Das Gesicht der „Aljonka“-Schokolade: Wer ist das blauäugige Mädchen im Kopftuch?

Freepik; Red October
Erst 40 Jahre nach dem Produktionsstart verklagte „das Mädchen auf der Schokoladenpackung“ den Süßwarenhersteller auf Millionen Rubel Schadensersatz.

„Wir brauchen eine erschwingliche Milchschokolade!“ So lautete die Aufgabe des staatlichen Ernährungsprogramms der Sowjetregierung in den 1960er Jahren. Die Schokoladenfabrik „Roter Oktober“ ging aus einer Ausschreibung der Regierung als Sieger hervor. 

Walentina Tereschkowa mit ihrer Tochter

Das nach der Tochter der ersten Kosmonautin Walentina Tereschkowa „Aljonka“ benannte Produkt wurde zur bekanntesten „Volksschokolade“ der Sowjetunion. Die Ehre, das Gesicht der Schokolade zu werden, ging jedoch an ein anderes Mädchen. 1966 erschienen die ersten „Aljonkas“ mit dem Porträt der acht Monate alten Jelena Gerinas.

Das Gesicht auf der Schokoladen-Packung

Dieser Entscheidung war eine lange Suche nach dem passenden Modell vorausgegangen. Die Grafiker testeten verschiedene Optionen - es gab ein Mädchen mit Nelken, ein Mädchen mit Zöpfen und sogar eine kleine „Snegurotschka“ („Schneewittchen“). Dann schlug jemand vor, das Mädchen aus dem berühmten Gemälde von Wiktor Wasnezows „Aljonuschka“ zu verwenden. Die Idee wurde jedoch kritisiert: Wasnezows Mädchen sitzt barfuß - und „sowjetische Kinder haben natürlich Schuhe!“ - meinte die Kommunistische Partei. Die Ideen-Sackgasse führte zur einen weiteren Suche.
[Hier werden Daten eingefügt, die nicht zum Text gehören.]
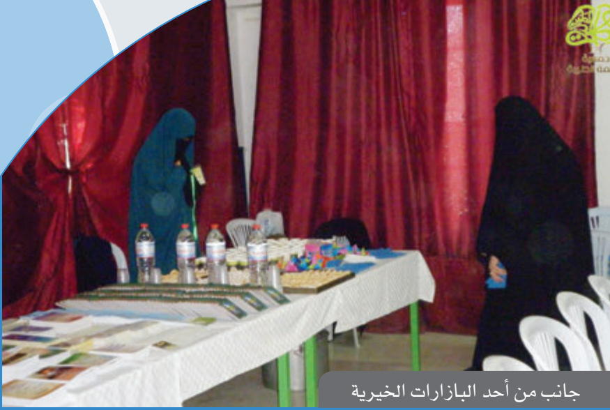
جانب من أحد البازارات الخيرية

1965 erhielt die Zeitung „Wetschernjaja Moskwa“ („Abendliches Moskau“) mehr als 1.500 Aufnahmen für die potenzielle Verpackung. Aber am Ende gewann ein Foto, das bereits auf der Titelseite der sowjetischen Zeitschrift „Sdorowje“ („Gesundheit“) veröffentlicht worden war: Auf dem Bild befand sich die Tochter des Fotojournalisten Alexander Gerinas. 
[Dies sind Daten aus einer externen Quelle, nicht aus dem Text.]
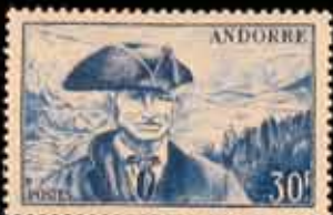
951 - 40 €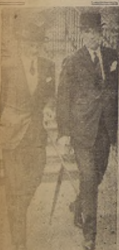
Mr. Eden y Lord Halifax abandonan juntos el Ministerio de Relaciones Exteriores después que este último se ha hecho cargo de su puesto

Damit „Aljonka“ wirklich wie eine „Volksschokolade“ aussah, wurden die Augen des Mädchens blau gestaltet, ihr Gesicht verlängert und die Oberlippe vergrößert. Die Schokolade mit ihrem Gesicht auf der Packung begleitete Jelena während ihrer gesamten Kindheit. Aber weder sie noch ihre Familie sollten jemals auch nur einen einzigen Rubel für das Foto sehen.

Unterbrochene Stille

Zu Beginn der neuen „Aljonka“-Marketingkampagne lud „Roter Oktober“ Jelena zur offiziellen Präsentation ein. Sie erhielt einen „süßen“ Preis. Die Frau jedoch wünschte sich etwas anderes: Sie wollte Jahrzehnte später eine Art Vertrag oder zumindest eine Belohnung erhalten. Die nun bereits 36-jährige Jelena verklagte den Süßwarenhersteller vor Gericht.
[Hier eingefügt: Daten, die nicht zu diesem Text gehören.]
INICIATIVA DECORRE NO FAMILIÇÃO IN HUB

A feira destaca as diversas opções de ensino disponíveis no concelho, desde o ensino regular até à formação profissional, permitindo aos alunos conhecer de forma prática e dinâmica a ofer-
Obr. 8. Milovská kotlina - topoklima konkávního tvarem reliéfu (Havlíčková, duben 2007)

„Jeder in unserer Familie weiß, dass mein Porträt auf dieser Schokolade ist“, sagte sie. „Als Vater starb - er hatte sich inzwischen von ihrer Mutter scheiden lassen und lebte bei seiner neuen Familie – übergab uns diese sein gesamtes Fotoarchiv. Dort habe ich die Filmrolle mit dem Negativ entdeckt.“

Gerinas reichte eine Klage gegen die Marke mit der Aufforderung ein, ihre gesetzlichen Rechte an dem Foto anzuerkennen und ihr eine finanzielle Entschädigung sowie eine prozentuale Beteiligung an der künftigen Verwendung ihres Bildes zu zahlen. Die Frau schätzte den Klagewert auf fünf Millionen Rubel (etwa 62 000 Euro).

Keine Anerkennung

Der Rechtsstreit dauerte zweieinhalb Jahre und endete für Gerinas mit einer Niederlage. Die Recherchen ergaben, dass das Schokoladenpapier tatsächlich höchstwahrscheinlich von dem fraglichen Foto gezeichnet wurde. Es wurden sogar 18 Ähnlichkeitsmerkmale gefunden. Jedoch, aufgrund der Änderungen am Originalfoto, so der Richterspruch, könne die „Aljonka“-Verpackung in die Kategorie der Originalarbeiten eingeordnet werden und daher sei sie rechtmäßig verwendet worden.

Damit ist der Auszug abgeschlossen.